Data extracts Block Start

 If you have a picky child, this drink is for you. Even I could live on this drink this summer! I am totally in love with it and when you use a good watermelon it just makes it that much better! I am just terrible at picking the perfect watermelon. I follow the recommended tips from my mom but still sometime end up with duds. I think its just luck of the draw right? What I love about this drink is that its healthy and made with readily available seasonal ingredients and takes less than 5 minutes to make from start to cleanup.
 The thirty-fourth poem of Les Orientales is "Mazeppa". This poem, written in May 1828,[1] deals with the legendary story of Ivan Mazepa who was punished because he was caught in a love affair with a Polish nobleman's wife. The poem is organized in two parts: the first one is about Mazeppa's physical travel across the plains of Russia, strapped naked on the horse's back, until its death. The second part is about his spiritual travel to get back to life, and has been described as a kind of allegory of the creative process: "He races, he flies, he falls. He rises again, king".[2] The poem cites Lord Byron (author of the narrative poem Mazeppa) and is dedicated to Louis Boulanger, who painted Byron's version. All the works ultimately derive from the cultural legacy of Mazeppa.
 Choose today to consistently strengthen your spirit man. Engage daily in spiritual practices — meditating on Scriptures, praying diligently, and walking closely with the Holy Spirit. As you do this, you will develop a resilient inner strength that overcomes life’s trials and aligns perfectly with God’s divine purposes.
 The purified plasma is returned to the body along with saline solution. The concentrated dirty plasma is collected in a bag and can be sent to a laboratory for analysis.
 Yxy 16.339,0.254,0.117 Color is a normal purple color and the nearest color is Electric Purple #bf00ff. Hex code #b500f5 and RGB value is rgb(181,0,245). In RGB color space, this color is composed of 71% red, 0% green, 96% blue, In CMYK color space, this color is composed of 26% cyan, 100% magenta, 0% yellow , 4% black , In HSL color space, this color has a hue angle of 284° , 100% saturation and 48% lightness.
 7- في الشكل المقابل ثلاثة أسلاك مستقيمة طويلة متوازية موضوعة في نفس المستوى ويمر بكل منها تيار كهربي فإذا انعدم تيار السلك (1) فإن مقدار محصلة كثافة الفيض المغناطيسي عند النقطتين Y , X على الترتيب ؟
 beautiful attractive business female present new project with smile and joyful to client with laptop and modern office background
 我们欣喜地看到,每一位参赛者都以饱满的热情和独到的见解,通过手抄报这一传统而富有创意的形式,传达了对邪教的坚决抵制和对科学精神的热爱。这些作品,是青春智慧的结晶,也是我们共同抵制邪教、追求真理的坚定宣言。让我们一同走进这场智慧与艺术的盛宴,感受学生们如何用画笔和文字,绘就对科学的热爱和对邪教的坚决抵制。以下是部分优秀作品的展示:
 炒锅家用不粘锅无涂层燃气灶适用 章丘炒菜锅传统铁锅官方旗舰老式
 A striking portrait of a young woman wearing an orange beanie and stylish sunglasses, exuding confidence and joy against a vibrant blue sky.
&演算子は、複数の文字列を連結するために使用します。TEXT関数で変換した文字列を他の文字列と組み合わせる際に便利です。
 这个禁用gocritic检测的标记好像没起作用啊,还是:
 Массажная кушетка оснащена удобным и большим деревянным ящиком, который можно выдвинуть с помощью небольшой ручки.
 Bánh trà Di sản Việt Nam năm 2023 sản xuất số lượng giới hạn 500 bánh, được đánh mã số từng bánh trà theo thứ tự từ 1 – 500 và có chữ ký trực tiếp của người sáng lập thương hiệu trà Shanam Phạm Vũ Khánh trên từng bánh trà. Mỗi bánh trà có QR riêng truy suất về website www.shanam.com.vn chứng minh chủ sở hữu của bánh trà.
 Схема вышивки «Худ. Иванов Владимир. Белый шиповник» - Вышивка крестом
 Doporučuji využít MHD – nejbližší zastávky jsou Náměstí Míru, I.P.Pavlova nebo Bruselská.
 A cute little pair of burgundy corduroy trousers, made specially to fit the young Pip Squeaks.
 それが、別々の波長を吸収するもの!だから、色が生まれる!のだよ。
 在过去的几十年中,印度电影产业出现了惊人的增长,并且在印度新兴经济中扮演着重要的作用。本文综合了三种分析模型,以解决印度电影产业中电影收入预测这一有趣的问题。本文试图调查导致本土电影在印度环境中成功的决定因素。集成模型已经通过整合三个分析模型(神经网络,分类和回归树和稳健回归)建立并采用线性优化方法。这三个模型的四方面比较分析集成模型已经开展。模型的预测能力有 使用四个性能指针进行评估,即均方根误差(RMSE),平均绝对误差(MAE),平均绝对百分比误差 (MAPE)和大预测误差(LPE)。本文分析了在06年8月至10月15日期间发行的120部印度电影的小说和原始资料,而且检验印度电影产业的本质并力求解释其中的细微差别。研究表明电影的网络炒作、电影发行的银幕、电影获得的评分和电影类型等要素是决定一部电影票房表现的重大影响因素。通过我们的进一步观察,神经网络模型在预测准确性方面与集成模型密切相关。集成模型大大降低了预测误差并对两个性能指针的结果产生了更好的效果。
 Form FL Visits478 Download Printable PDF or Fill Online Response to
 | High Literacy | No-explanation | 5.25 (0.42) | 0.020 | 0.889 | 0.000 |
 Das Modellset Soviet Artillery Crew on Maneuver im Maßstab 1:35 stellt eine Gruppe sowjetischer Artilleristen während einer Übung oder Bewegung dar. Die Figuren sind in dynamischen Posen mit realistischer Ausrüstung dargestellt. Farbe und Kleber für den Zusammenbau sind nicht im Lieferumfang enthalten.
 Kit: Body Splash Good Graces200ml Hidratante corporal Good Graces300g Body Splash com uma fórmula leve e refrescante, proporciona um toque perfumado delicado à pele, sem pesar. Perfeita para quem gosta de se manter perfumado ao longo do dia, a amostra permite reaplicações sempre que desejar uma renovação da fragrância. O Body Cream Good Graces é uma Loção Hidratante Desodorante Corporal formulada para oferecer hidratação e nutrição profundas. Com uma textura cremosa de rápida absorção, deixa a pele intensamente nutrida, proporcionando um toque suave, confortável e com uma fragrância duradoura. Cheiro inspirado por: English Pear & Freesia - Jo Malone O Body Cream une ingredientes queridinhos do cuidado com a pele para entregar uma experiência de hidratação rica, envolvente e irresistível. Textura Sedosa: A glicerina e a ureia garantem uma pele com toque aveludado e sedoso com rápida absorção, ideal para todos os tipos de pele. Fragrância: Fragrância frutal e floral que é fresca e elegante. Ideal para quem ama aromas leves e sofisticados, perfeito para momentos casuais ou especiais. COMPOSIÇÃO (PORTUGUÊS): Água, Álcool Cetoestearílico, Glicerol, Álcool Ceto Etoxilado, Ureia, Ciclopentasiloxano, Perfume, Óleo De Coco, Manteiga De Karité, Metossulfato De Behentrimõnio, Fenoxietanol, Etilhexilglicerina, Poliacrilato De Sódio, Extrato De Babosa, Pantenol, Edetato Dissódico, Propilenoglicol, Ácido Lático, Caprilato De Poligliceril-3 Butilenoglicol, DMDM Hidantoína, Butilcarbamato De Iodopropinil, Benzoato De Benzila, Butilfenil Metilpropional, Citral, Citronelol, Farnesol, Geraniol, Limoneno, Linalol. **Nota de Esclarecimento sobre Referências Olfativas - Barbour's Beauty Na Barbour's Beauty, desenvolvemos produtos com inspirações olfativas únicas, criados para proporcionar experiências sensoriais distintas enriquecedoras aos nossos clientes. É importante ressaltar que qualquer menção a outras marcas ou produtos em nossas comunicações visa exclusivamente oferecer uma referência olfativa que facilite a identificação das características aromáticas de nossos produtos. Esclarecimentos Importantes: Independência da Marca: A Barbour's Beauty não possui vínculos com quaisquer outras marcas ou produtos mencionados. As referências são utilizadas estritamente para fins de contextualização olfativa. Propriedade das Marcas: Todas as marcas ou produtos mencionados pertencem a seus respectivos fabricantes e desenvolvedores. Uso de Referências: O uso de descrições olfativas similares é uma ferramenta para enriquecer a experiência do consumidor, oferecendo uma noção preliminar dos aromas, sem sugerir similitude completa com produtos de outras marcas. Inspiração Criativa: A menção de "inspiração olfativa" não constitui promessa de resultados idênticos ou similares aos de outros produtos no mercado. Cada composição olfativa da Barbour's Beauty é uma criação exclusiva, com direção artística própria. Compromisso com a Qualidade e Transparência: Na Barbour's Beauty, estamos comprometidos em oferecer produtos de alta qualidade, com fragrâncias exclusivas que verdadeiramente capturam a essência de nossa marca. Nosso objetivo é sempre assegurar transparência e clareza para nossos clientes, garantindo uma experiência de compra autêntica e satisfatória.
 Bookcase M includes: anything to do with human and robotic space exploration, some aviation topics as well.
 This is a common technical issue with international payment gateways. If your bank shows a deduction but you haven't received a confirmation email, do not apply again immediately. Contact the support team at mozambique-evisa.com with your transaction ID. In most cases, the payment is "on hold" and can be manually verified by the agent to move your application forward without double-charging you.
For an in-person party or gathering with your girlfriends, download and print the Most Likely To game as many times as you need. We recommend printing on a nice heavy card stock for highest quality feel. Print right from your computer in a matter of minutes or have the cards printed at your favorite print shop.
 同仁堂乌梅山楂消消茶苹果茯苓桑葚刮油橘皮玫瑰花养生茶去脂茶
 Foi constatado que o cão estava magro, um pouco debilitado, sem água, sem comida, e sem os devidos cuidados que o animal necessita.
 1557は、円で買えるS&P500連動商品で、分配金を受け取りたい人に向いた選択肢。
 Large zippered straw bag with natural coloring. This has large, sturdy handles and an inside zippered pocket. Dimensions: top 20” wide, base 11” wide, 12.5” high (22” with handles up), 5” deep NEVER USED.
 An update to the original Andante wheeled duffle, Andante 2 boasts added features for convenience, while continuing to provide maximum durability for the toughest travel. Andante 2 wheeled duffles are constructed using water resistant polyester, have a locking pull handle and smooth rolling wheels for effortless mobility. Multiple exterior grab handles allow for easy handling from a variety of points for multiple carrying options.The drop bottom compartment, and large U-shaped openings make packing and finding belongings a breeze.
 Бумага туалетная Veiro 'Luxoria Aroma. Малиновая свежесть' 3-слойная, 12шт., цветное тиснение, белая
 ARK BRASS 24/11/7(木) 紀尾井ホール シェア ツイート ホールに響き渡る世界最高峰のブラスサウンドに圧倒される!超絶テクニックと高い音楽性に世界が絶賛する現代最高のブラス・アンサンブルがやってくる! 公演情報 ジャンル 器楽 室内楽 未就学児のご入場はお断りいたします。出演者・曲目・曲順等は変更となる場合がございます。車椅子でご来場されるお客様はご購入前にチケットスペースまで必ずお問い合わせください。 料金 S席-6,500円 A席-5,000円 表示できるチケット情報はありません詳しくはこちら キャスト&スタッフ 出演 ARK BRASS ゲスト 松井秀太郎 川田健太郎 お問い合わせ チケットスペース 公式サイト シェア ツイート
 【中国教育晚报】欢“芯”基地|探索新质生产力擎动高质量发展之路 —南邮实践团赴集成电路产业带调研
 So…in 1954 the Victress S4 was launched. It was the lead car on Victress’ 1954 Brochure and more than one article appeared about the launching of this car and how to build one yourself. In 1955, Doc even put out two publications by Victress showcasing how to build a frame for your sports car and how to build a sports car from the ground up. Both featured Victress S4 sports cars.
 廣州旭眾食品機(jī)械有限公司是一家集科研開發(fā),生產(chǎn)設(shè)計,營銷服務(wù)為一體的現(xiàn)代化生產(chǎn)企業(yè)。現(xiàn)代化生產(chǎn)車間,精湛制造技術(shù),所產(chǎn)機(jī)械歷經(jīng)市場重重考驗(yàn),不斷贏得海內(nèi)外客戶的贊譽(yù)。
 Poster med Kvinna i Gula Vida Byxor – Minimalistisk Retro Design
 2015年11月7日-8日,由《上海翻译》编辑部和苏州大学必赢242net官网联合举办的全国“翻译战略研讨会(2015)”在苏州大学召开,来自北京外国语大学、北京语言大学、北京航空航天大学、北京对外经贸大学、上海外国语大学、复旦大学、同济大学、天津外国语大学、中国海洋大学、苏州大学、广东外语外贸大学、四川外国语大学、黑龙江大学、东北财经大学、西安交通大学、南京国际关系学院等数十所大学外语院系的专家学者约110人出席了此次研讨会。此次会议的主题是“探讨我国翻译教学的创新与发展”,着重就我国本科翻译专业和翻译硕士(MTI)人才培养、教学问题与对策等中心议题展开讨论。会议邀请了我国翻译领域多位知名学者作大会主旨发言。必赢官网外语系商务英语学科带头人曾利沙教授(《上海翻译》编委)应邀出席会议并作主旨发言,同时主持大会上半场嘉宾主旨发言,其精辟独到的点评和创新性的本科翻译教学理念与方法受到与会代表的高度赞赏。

Data extracts Block End

**Your instructions:** Restate word for word only the lines above from the line containing "The purified plasma" to the line containing "beautiful attractive business", both of them included.

**Written response:**
 The purified plasma is returned to the body along with saline solution. The concentrated dirty plasma is collected in a bag and can be sent to a laboratory for analysis.
 Yxy 16.339,0.254,0.117 Color is a normal purple color and the nearest color is Electric Purple #bf00ff. Hex code #b500f5 and RGB value is rgb(181,0,245). In RGB color space, this color is composed of 71% red, 0% green, 96% blue, In CMYK color space, this color is composed of 26% cyan, 100% magenta, 0% yellow , 4% black , In HSL color space, this color has a hue angle of 284° , 100% saturation and 48% lightness.
 7- في الشكل المقابل ثلاثة أسلاك مستقيمة طويلة متوازية موضوعة في نفس المستوى ويمر بكل منها تيار كهربي فإذا انعدم تيار السلك (1) فإن مقدار محصلة كثافة الفيض المغناطيسي عند النقطتين Y , X على الترتيب ؟
 beautiful attractive business female present new project with smile and joyful to client with laptop and modern office background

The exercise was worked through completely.